We would put up our tent among the trees opposite where Y-Worry is. For water I used to carry a bucket across the swampy area that is now the Domain to a spring. I cooked on a primus. There was always plenty of fish – just ten minutes out in a dinghy would bring us enough for breakfast! This photo shows Ira Thomas holding one end of a pole – my husband would have been holding the other end – with the results of one morning’s fishing!

I still have the old aluminium billy that we used for milk. Barrett’s Store was already there (at Whakamarama) and we could order bread and whatever we needed. Barrett would then deliver. I don’t remember where we got any fruit or vegetables from.

We had no such thing as a camp shower – we just swam! And for a toilet – I suppose a long drop.

In the evenings we just ate and went to bed – the kids were still young then.

This photo shows me with Barry when he was 13 months – he is now 69 (2009).

This photo is a group of family and friends. Barry and Margaret, a niece and my youngest brother.

We were still camping then and living in Hamilton where my husband was a joiner for Ellis & Bernand. However he disliked working inside so became a builder.

Dick returned from WW11 with disabilities. When we could afford it we bought a section from Ira Thomas (a local farmer) and built a 20x12 foot bach, just a single room. We added lean-tos for bedrooms and lived in this for two years while we built our house.

This photo shows our house under construction, in1952.

(While interviewing Mrs Ella Coulston she was showing me photos that might be of interest, I took particular note of the photos and her memories of ‘the big one’, the flood of 1951.)

That winter there was a big storm with waves right over the foreshore. Water came right up to the front steps of our home, still under construction. Yes, I suppose we were a bit fearful, but more interested in this big event.

This shows my daughter, Margaret, rowing, with Myrtle Crapp standing.

There used to be regatta days with sailing and motor boat races. These photos are of the 1959 Regatta Day, one of a sail boat race, the other of the large crowd.

Dick also helped Fred Luckman build his home at 18 Harbourview Road (what became Dr and Mrs Bernard’s home and has since sold again) and the Unsworth’s place.

The photo looking down the Esplanade still clearly shows all the trees that grew along the foreshore.

I call myself the oldest of the intruders!

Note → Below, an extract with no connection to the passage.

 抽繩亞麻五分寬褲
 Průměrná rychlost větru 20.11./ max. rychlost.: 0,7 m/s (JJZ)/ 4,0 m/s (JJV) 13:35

“The First of the Intruders” would make a good title for a book, I commented.

 Yes, people tell me I should write a book of my memories …

Would you mind if I came back next week to continue this? I asked. I'd love to find out more about the social activities and way of life after you settled into your new home.

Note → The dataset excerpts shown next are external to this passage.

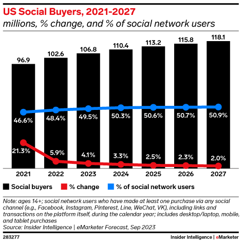 Sales are quickly approaching $100 billion. Gen Z’s influence on social media habits, new commerce technologies from TikTok, and rising annual spending by buyers are the main factors driving growth. And with users now spending just shy of 2 hours on social media per day, there is plenty of room for brands and users to squeeze more sales.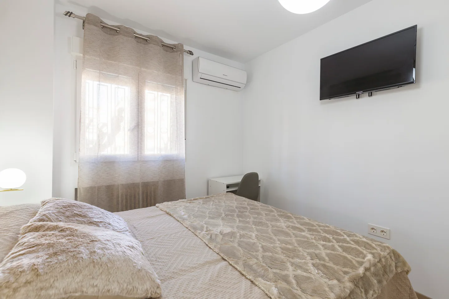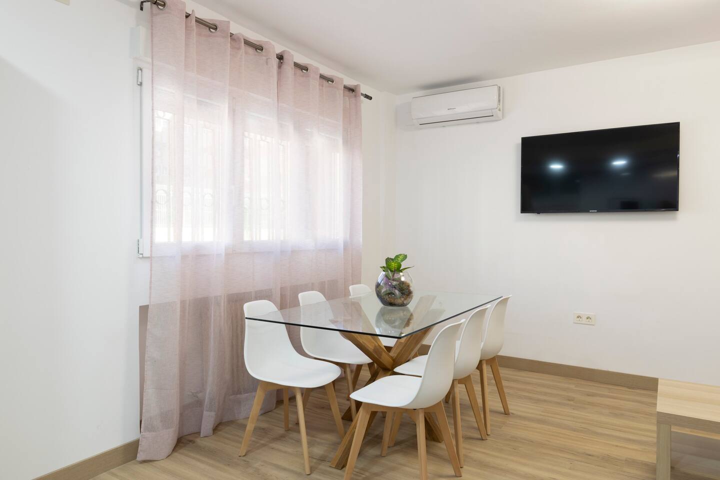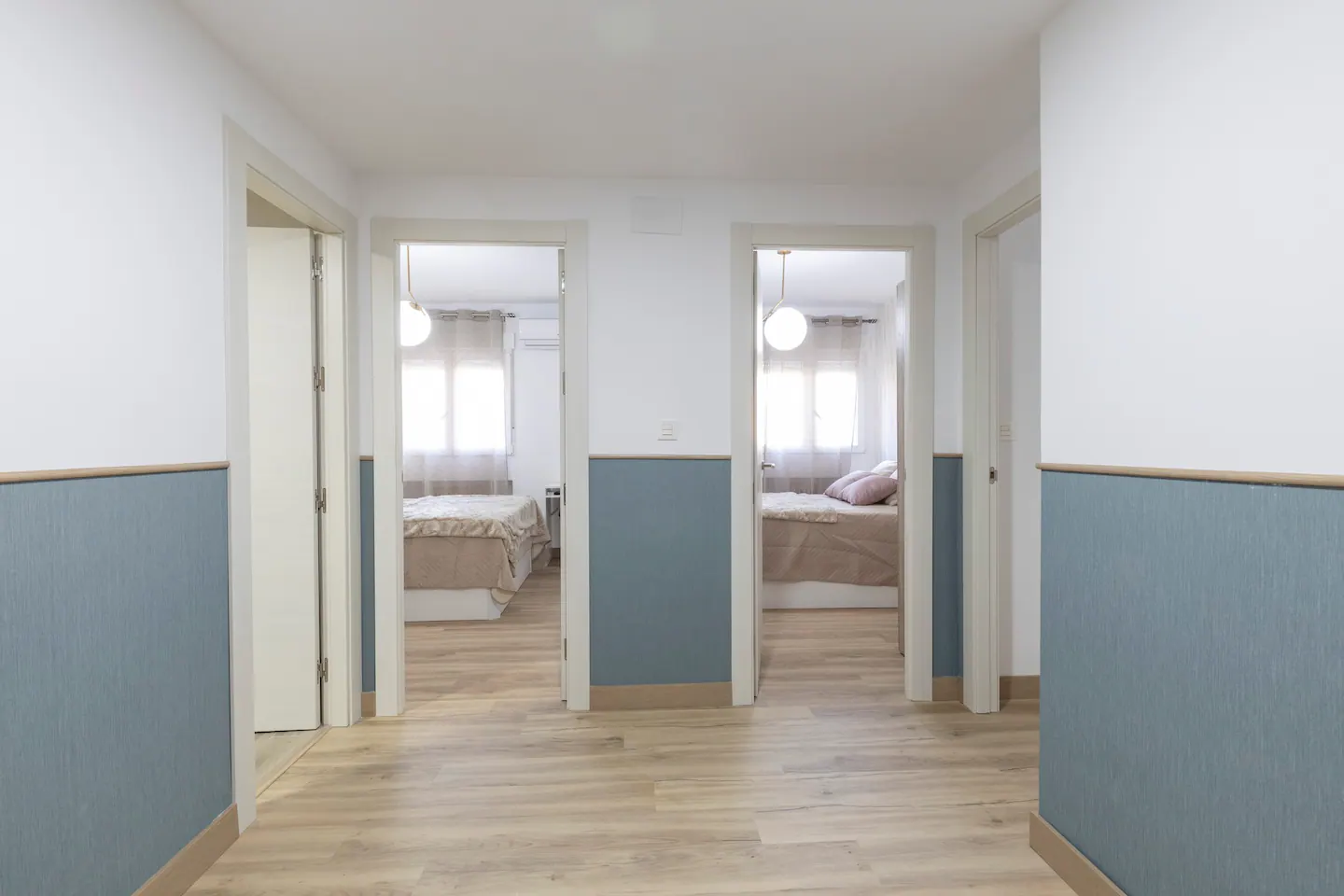 Alojamiento distribuido en tres grandes dormitorios, con colchón de alta gama de 1,50cm,zona de trabajo, televisión, calefacción y aire acondicionado en cada habitación, el salón tiene sofá cama de gran calidad, cocina completamente equipada y dos baños completos para evitar largas esperas en la ducha.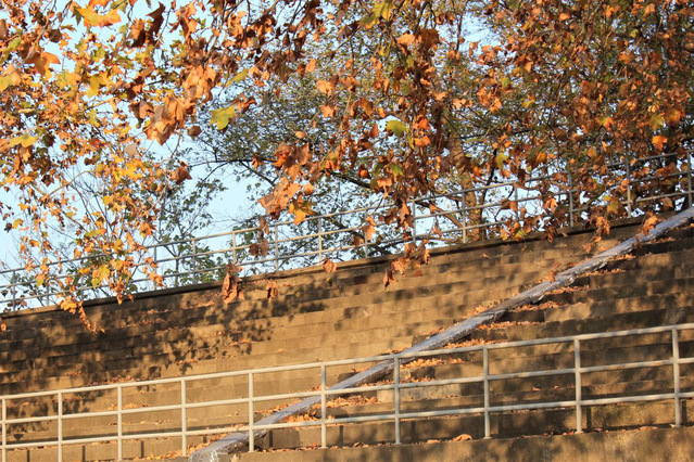 结束了网院的学习与拍摄后,同学们来到了中央体育场、国术场等民国体育建筑群。中央体育场建成时曾是远东地区最大的体育场,如今几十年沧桑巨变,古老的建筑历经风雨洗礼,依旧沉稳而大气,见证着国民体育素质的提升和一座城市的发展前进。中国式的屋檐与罗马拱门立柱相映成趣,加上大门前立着的两个青铜鼎,尽显端庄巍峨。体育场上方的看台,沧桑而班驳,与枯黄的树叶相映,更显时代的印记。同学们漫步其中,举起相机定格秋日限定的中央体育场,在美的感受中体悟时代的变迁与这片土地上不朽的体育精神。

And so I found myself back with Ella once again. And once again she had a small pile of photos ready for me. Although suffering from failing sight, she had obviously given my return some thought. Perhaps a daughter visiting in the previous weekend had helped her sort through her photos?

The Country Women's Institute building was shifted on to the Domain or really the foreshore. (What is now the Domain was just a swamp). We held meetings there, had parties and dances. I taught younger ones how to dance.

Yes, I said, other people have told me about events there. Abel Gane mentioned that he went for cards nights in the CWI building.

We had all sorts of social functions back then, most of them organised by Mrs Betty Francis. Even a mock debutante ball with the men all dressed up beautifully. This was held at the Settlers' Hall. Eddie Adams did a great job as MC, introducing each 'deb' as he/she arrived! We took this to Katikati where it was a howling success.

The CWI put on short dramas. I particularly remember one called ‘The Thing’ with Mrs Crapp dressed up as a skeleton! Again Betty Francis organised this and coached us all. Joyce Pauling, Freda Barrett, May Smith with a walking stick, Molly Layzell, etc. Betty Francis was behind most activities. She was one who died well before her time.

Oldest of the Intruders. At 95 Ella's memory of these events was clear. She clearly enjoyed talking of these social times after World War Two. First of the Intruders – an apt title indeed.